__Your objective__
Leaving out the pictures, please reproduce exactly and only the lines from the one that contains "1人の子が「じゃあ、先生対み" through the last line below.

Stored items from a collection
*** Begin section ***

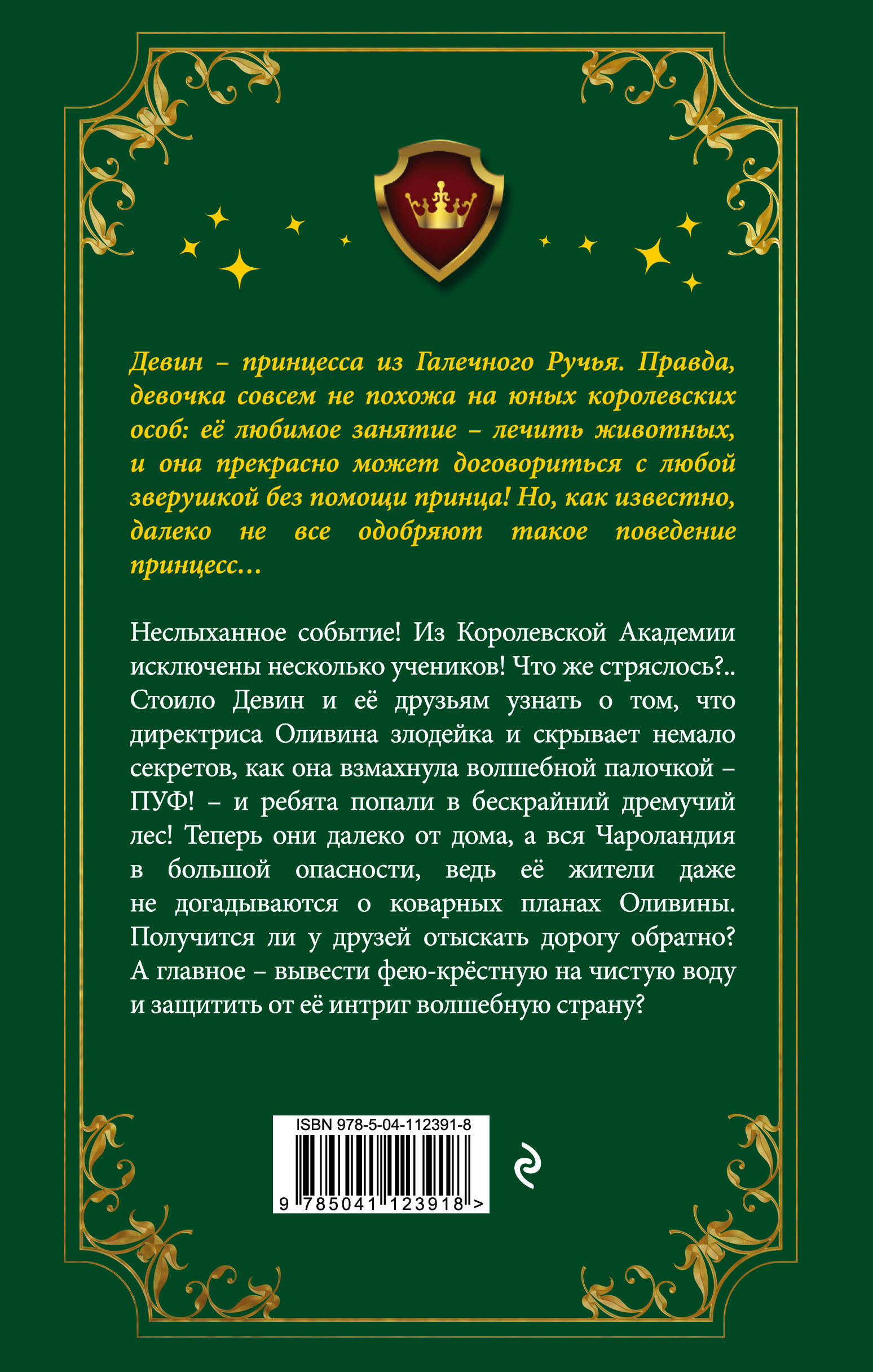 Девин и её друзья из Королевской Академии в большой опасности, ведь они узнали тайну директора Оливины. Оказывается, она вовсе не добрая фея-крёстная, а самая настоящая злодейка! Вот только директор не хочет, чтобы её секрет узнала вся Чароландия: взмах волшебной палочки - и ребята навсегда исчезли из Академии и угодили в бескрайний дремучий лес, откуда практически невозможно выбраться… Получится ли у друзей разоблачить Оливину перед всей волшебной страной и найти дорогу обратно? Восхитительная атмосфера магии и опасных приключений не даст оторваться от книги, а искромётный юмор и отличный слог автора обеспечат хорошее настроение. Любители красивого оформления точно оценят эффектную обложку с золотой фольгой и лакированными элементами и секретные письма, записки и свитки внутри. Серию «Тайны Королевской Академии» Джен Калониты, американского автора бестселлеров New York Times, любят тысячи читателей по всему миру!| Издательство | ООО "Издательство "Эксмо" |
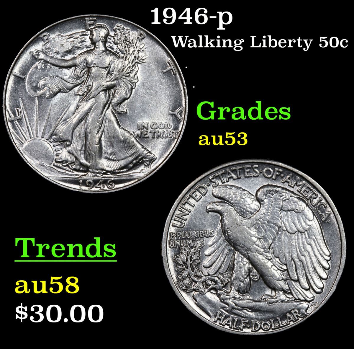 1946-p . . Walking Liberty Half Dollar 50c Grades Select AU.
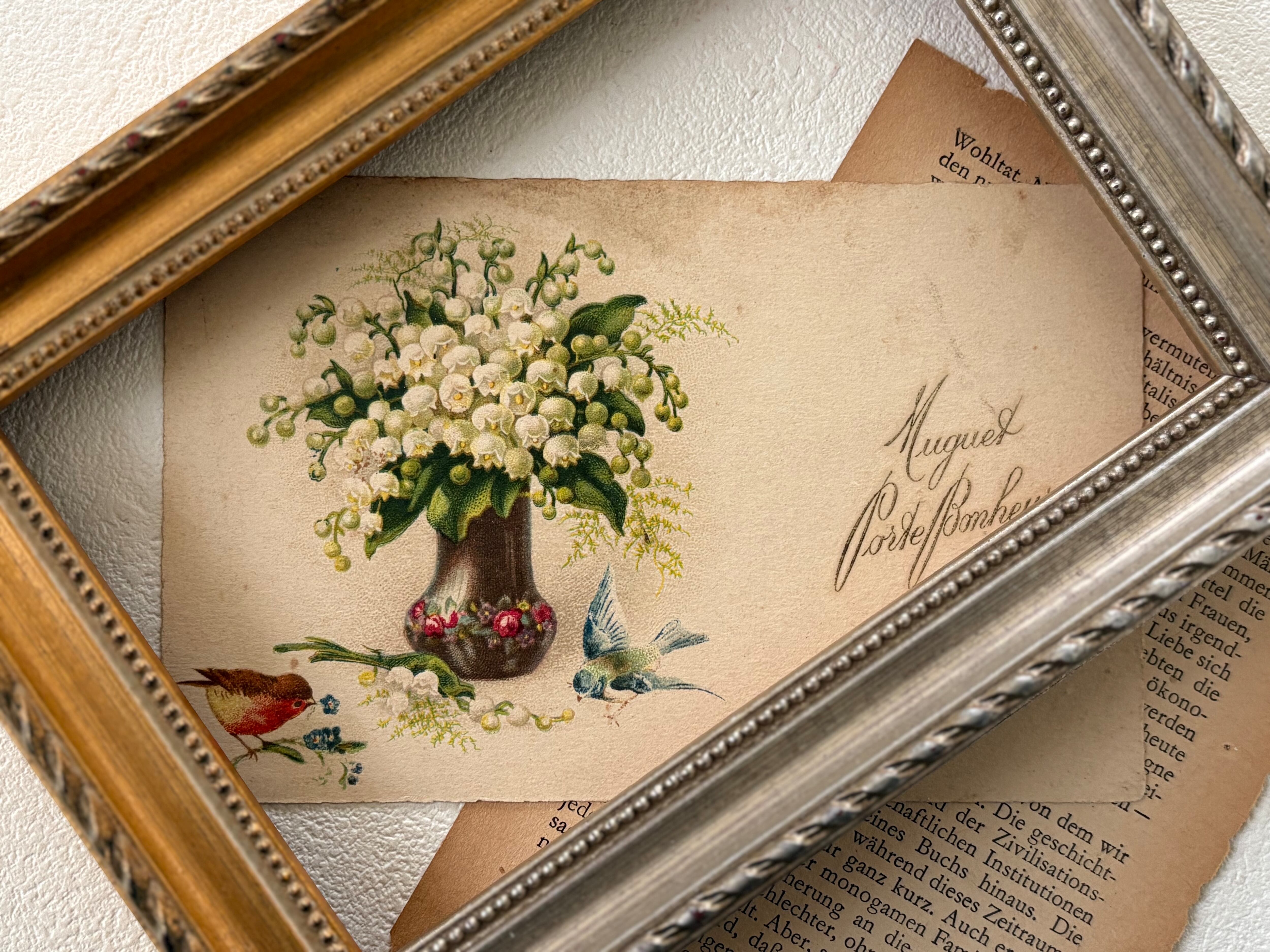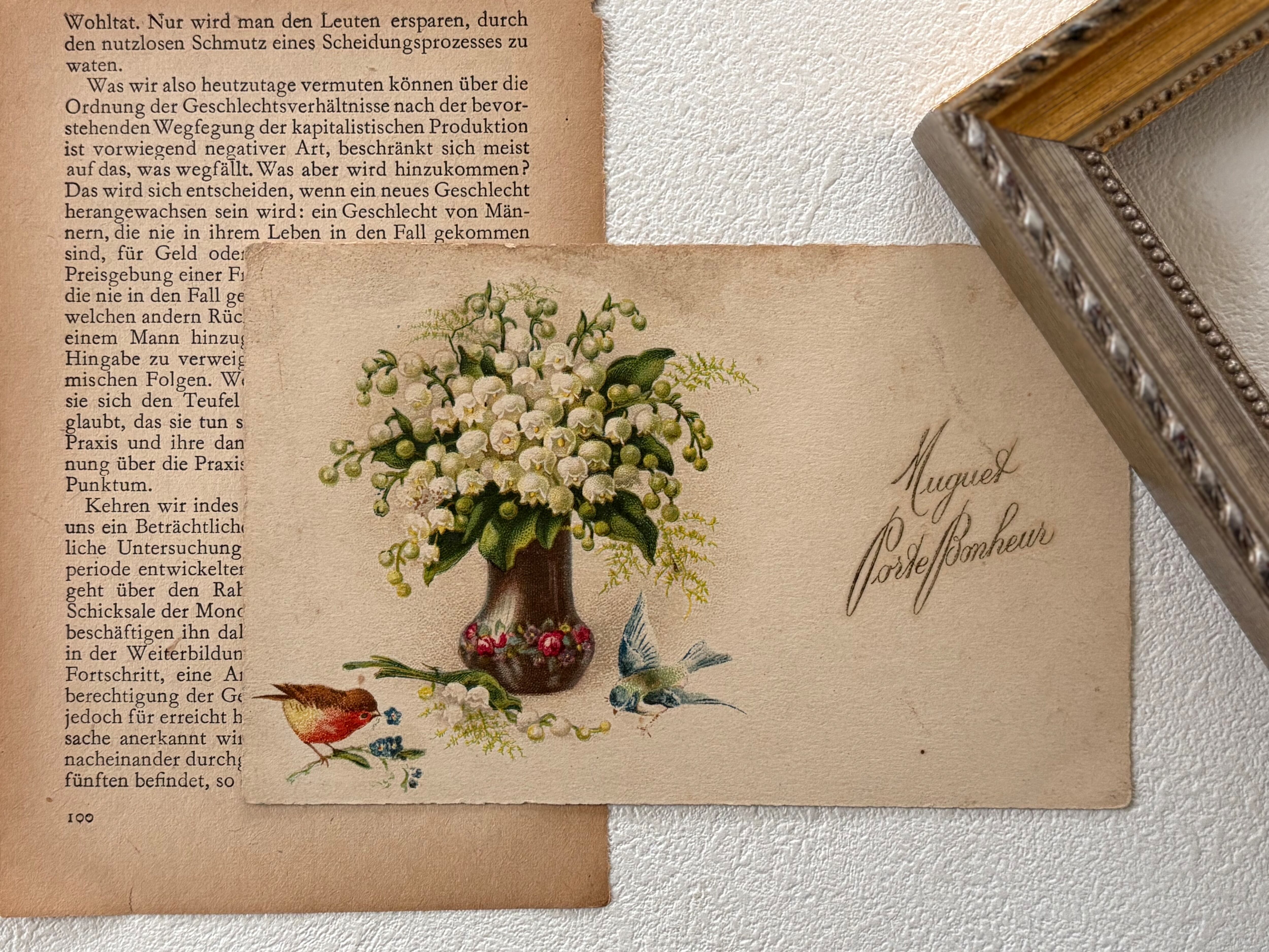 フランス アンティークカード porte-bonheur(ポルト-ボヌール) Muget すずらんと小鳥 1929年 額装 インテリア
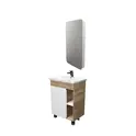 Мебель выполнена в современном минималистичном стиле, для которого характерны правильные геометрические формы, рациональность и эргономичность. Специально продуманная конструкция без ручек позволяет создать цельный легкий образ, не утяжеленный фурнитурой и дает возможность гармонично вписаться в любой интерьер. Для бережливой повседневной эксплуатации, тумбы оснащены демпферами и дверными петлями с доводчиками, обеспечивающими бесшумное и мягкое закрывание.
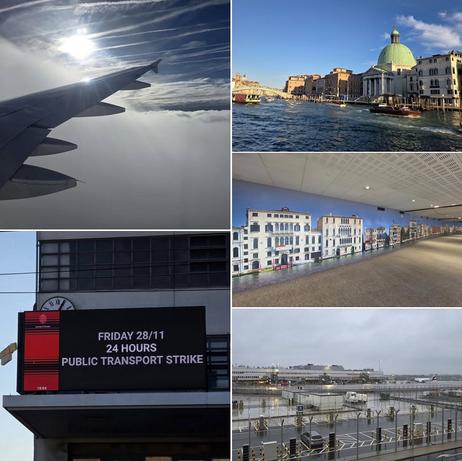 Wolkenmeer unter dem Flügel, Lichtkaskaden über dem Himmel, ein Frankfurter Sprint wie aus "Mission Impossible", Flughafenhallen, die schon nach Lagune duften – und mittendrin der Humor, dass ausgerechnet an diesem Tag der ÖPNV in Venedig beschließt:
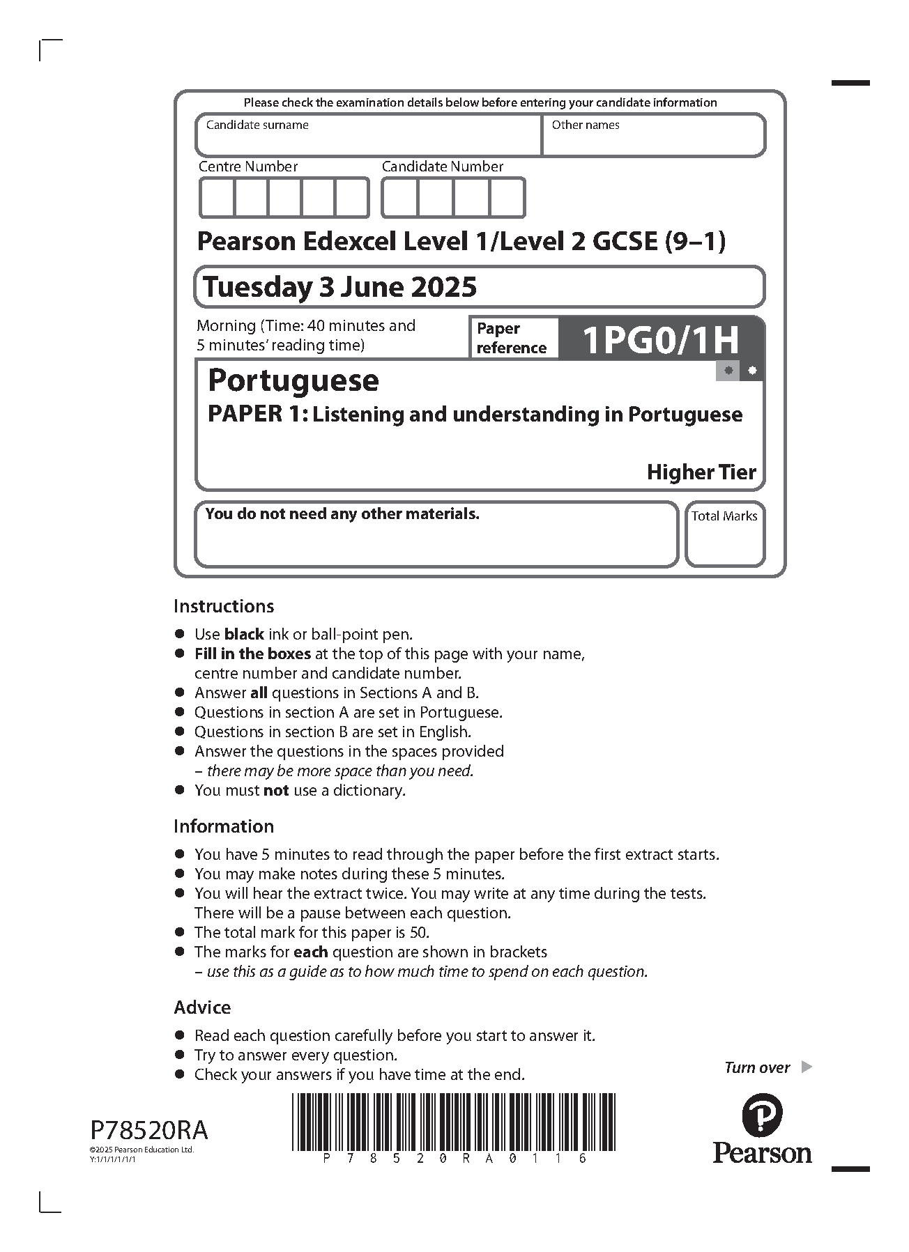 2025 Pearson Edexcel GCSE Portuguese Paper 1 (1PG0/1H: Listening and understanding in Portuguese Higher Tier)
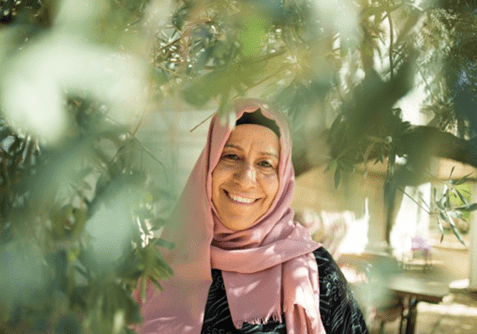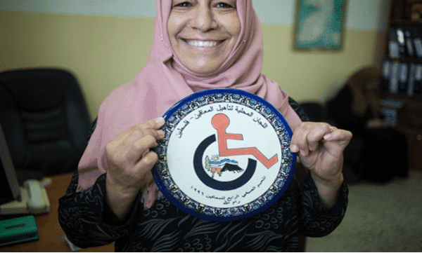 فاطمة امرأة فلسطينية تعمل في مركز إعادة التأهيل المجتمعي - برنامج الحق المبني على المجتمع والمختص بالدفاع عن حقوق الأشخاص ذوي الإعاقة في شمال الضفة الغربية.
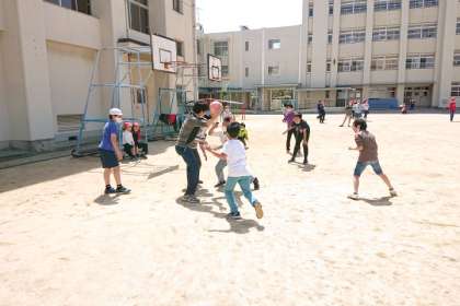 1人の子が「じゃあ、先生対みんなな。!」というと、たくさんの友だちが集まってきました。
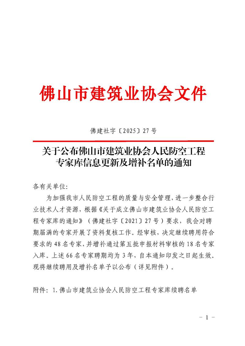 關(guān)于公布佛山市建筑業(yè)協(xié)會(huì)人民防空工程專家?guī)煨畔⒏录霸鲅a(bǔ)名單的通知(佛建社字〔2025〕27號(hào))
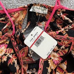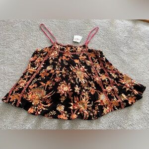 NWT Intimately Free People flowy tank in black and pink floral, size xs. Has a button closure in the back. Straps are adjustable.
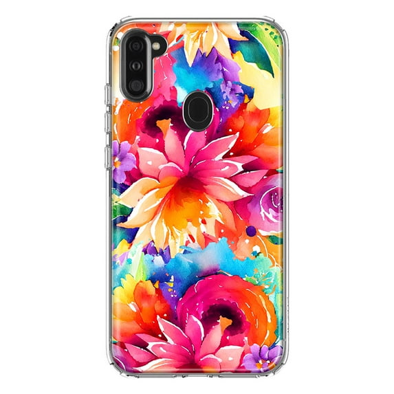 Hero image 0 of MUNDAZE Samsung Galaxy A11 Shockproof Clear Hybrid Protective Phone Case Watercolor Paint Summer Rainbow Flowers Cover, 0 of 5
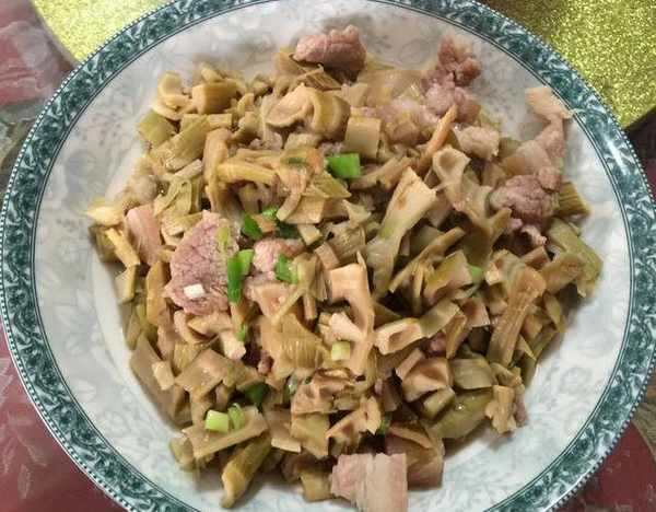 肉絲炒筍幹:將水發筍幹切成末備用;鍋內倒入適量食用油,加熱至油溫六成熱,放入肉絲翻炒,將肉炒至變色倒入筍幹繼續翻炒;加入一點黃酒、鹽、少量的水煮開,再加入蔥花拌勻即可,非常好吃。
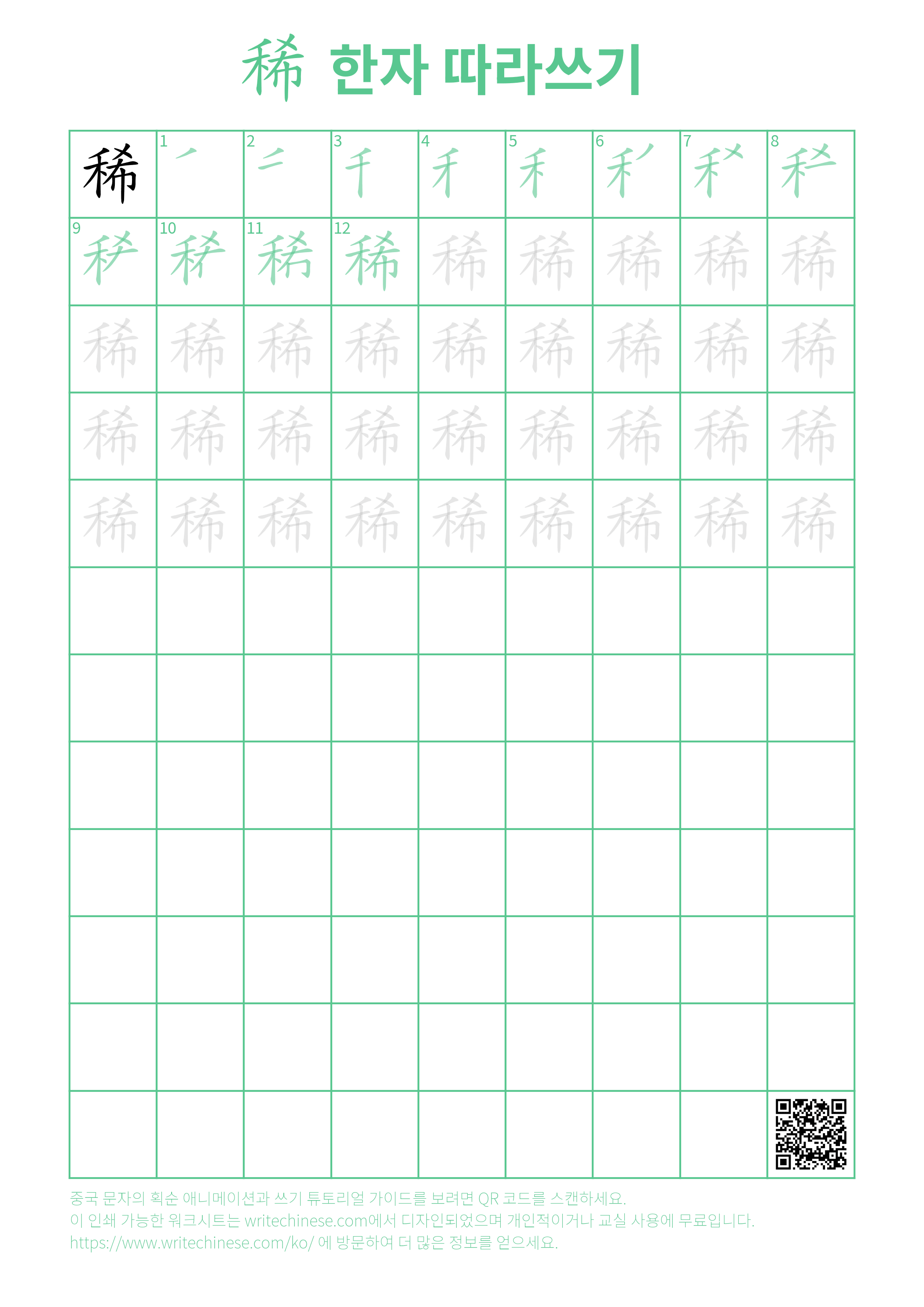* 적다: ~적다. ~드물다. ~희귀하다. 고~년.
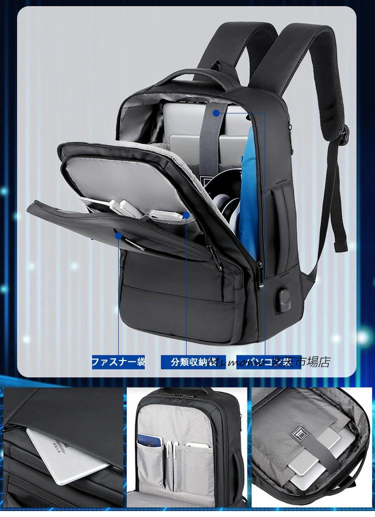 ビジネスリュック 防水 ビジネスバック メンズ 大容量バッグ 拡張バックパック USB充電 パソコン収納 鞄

*** End section ***

__Solution to this task__
 1人の子が「じゃあ、先生対みんなな。!」というと、たくさんの友だちが集まってきました。
 關(guān)于公布佛山市建筑業(yè)協(xié)會(huì)人民防空工程專家?guī)煨畔⒏录霸鲅a(bǔ)名單的通知(佛建社字〔2025〕27號(hào))
 NWT Intimately Free People flowy tank in black and pink floral, size xs. Has a button closure in the back. Straps are adjustable.
 Hero image 0 of MUNDAZE Samsung Galaxy A11 Shockproof Clear Hybrid Protective Phone Case Watercolor Paint Summer Rainbow Flowers Cover, 0 of 5
 肉絲炒筍幹:將水發筍幹切成末備用;鍋內倒入適量食用油,加熱至油溫六成熱,放入肉絲翻炒,將肉炒至變色倒入筍幹繼續翻炒;加入一點黃酒、鹽、少量的水煮開,再加入蔥花拌勻即可,非常好吃。
* 적다: ~적다. ~드물다. ~희귀하다. 고~년.
 ビジネスリュック 防水 ビジネスバック メンズ 大容量バッグ 拡張バックパック USB充電 パソコン収納 鞄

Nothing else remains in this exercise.